= Beginning of Section =

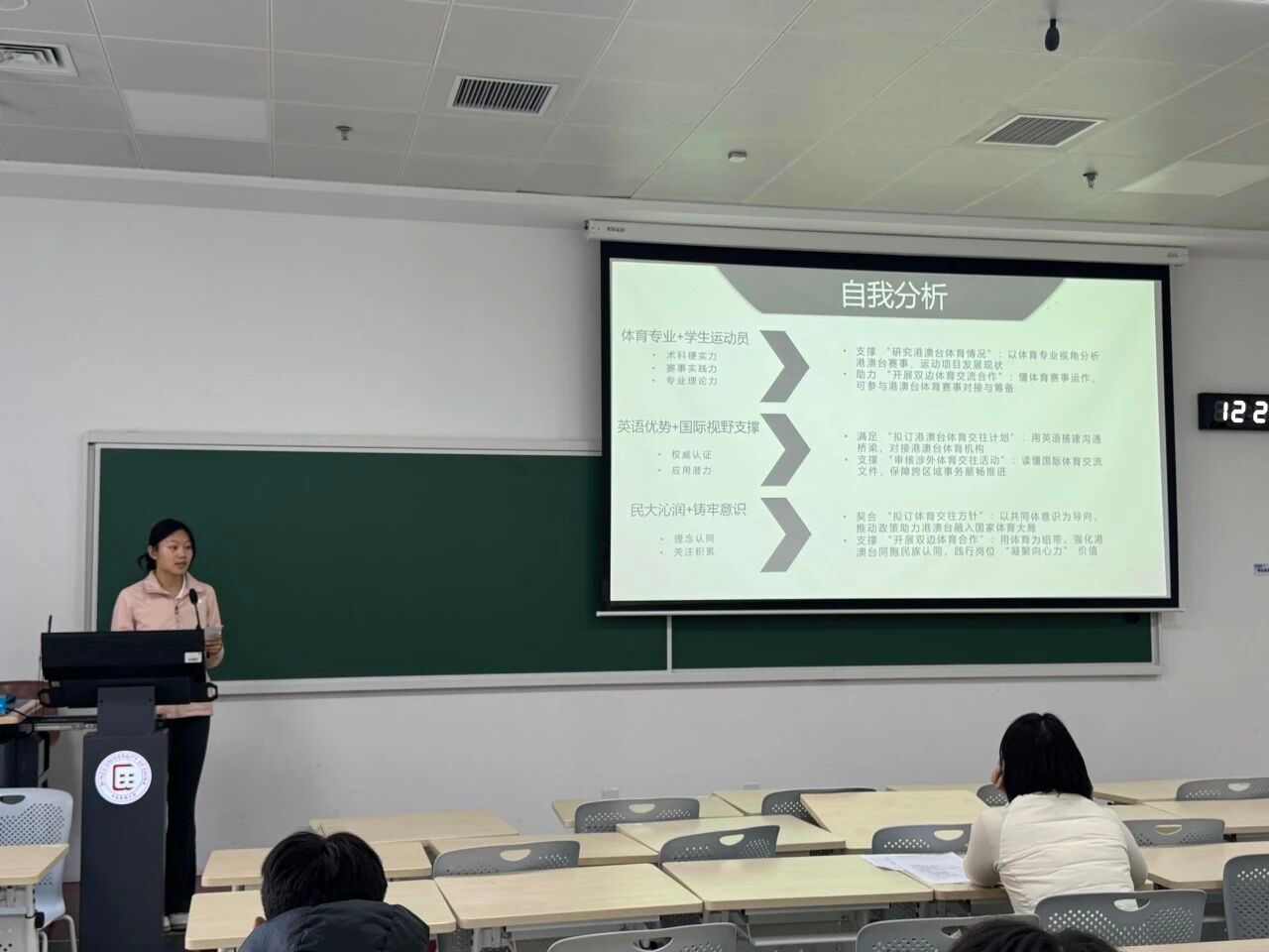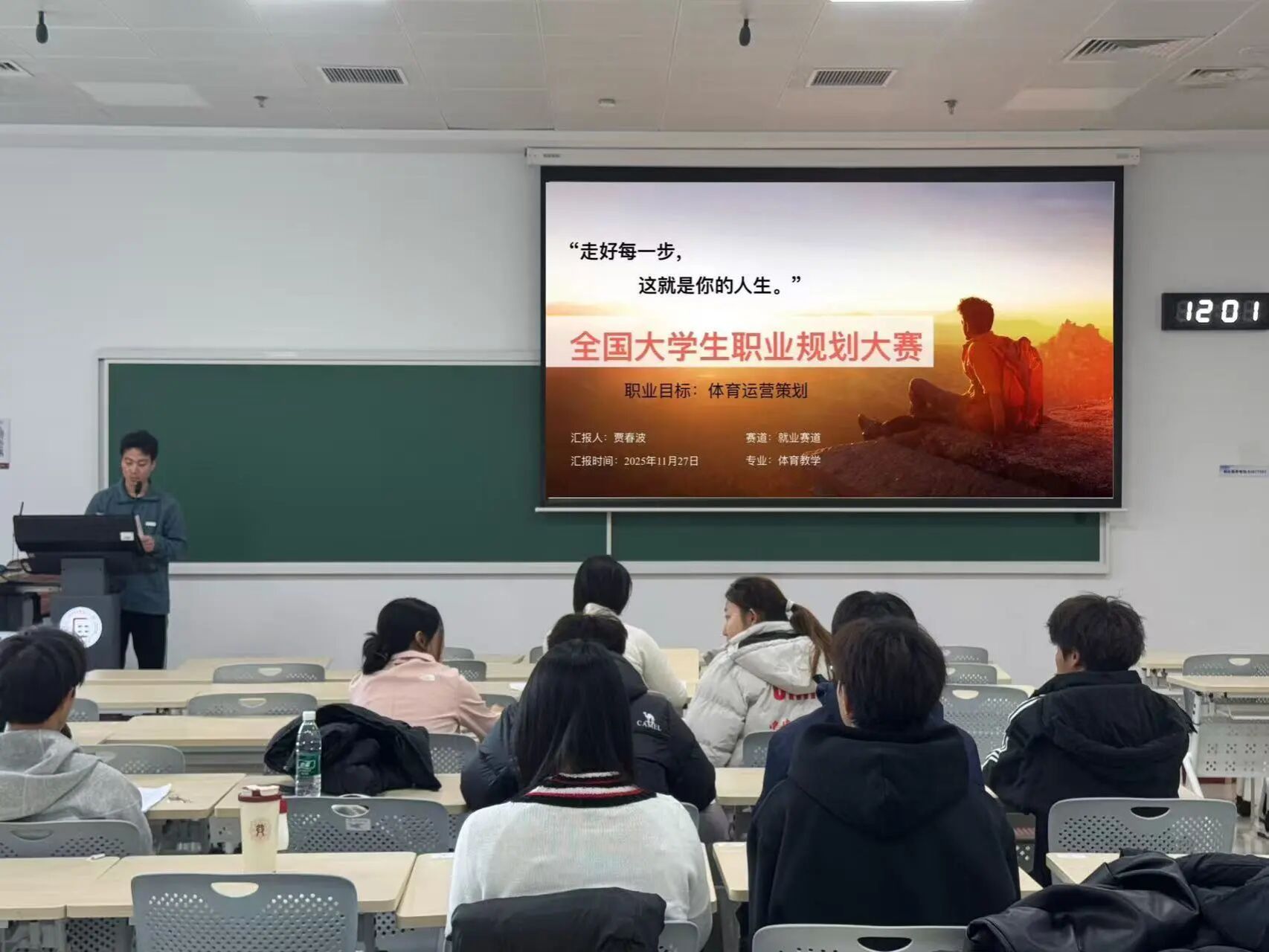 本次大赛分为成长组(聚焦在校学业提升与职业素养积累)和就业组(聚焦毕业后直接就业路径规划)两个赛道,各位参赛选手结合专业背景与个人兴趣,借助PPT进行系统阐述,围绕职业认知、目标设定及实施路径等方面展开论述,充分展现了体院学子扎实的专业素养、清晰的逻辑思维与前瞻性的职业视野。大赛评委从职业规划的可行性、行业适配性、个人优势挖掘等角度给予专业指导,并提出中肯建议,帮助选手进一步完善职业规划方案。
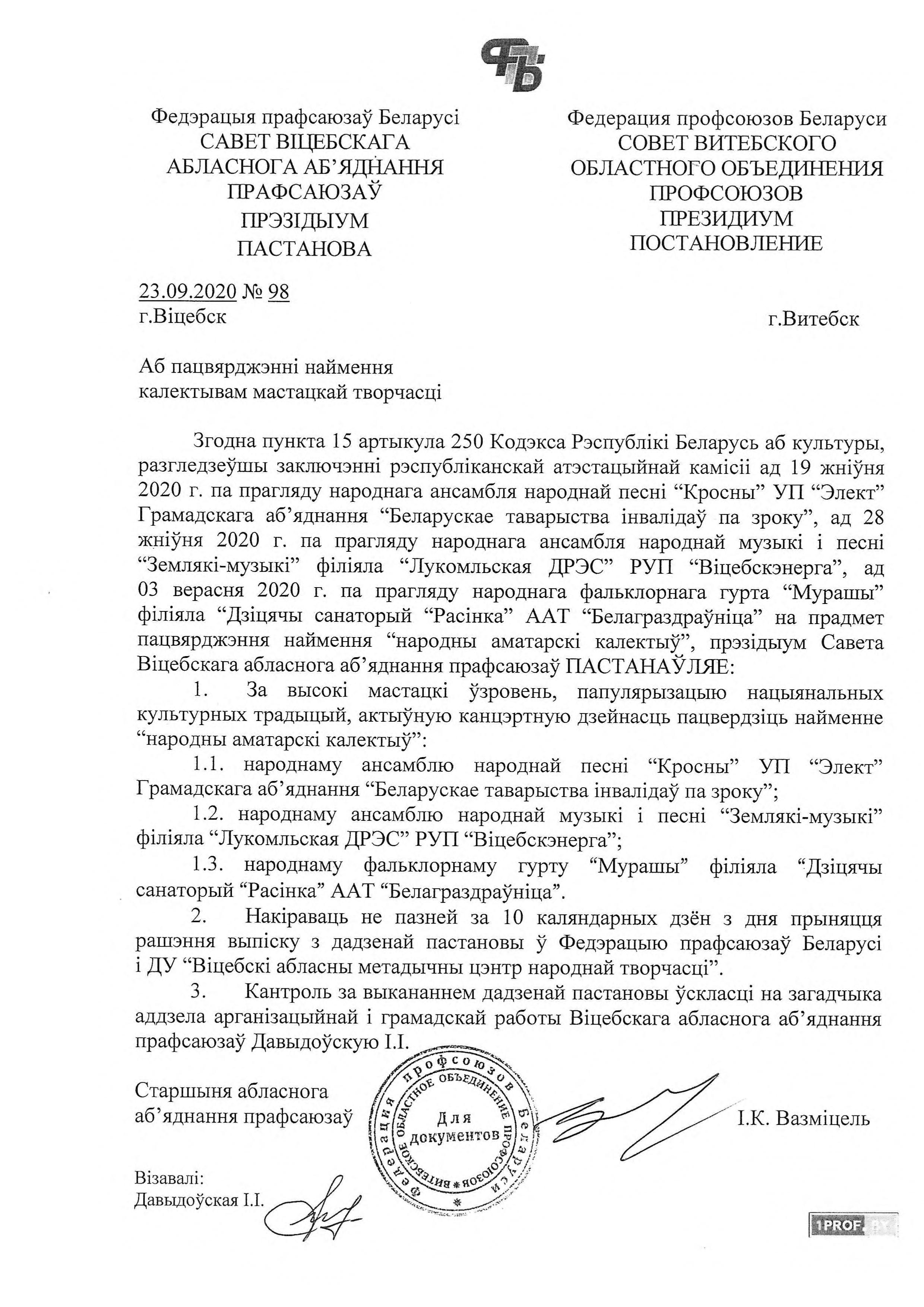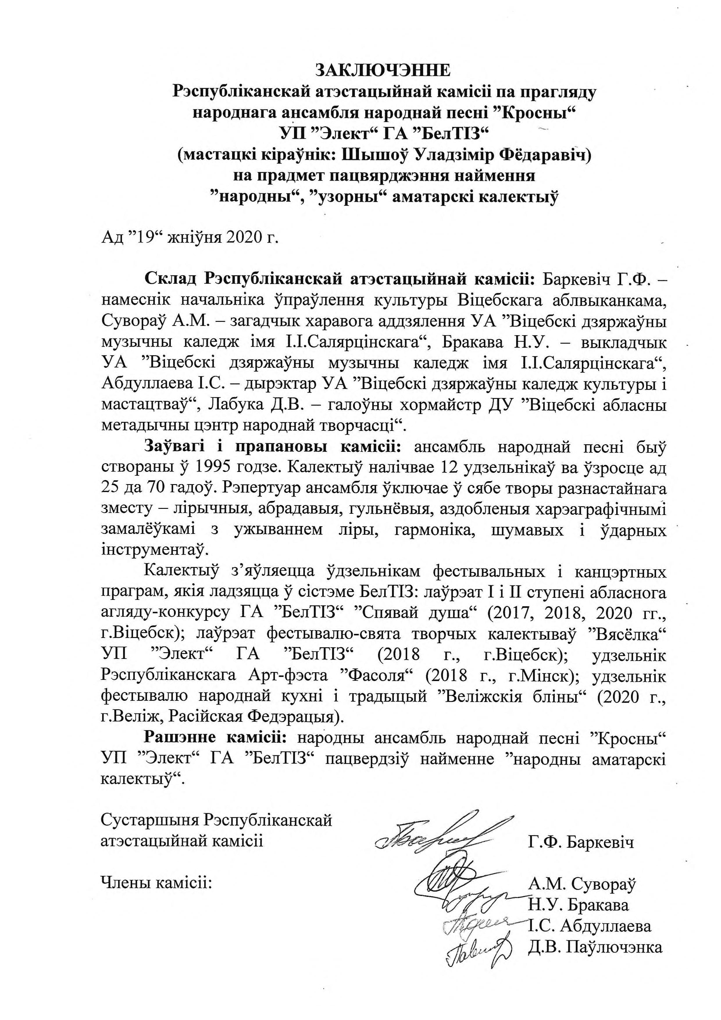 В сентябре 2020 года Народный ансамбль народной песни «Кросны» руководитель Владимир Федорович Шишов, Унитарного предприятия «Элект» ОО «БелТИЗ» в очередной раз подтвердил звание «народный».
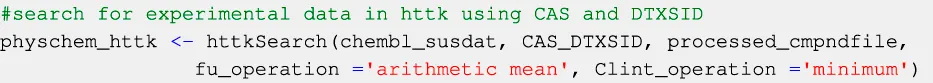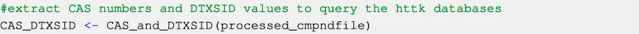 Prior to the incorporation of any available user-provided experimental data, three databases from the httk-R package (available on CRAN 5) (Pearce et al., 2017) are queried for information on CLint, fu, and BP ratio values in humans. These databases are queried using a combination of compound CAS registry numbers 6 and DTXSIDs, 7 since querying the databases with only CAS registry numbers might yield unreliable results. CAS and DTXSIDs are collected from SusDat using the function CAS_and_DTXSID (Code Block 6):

= End of Section =

=== What to produce ===
Begin at the first line of the material and copy each line exactly through the one containing "В сентябре 2020". Omit pictures.

=== Response area ===
 本次大赛分为成长组(聚焦在校学业提升与职业素养积累)和就业组(聚焦毕业后直接就业路径规划)两个赛道,各位参赛选手结合专业背景与个人兴趣,借助PPT进行系统阐述,围绕职业认知、目标设定及实施路径等方面展开论述,充分展现了体院学子扎实的专业素养、清晰的逻辑思维与前瞻性的职业视野。大赛评委从职业规划的可行性、行业适配性、个人优势挖掘等角度给予专业指导,并提出中肯建议,帮助选手进一步完善职业规划方案。
 В сентябре 2020 года Народный ансамбль народной песни «Кросны» руководитель Владимир Федорович Шишов, Унитарного предприятия «Элект» ОО «БелТИЗ» в очередной раз подтвердил звание «народный».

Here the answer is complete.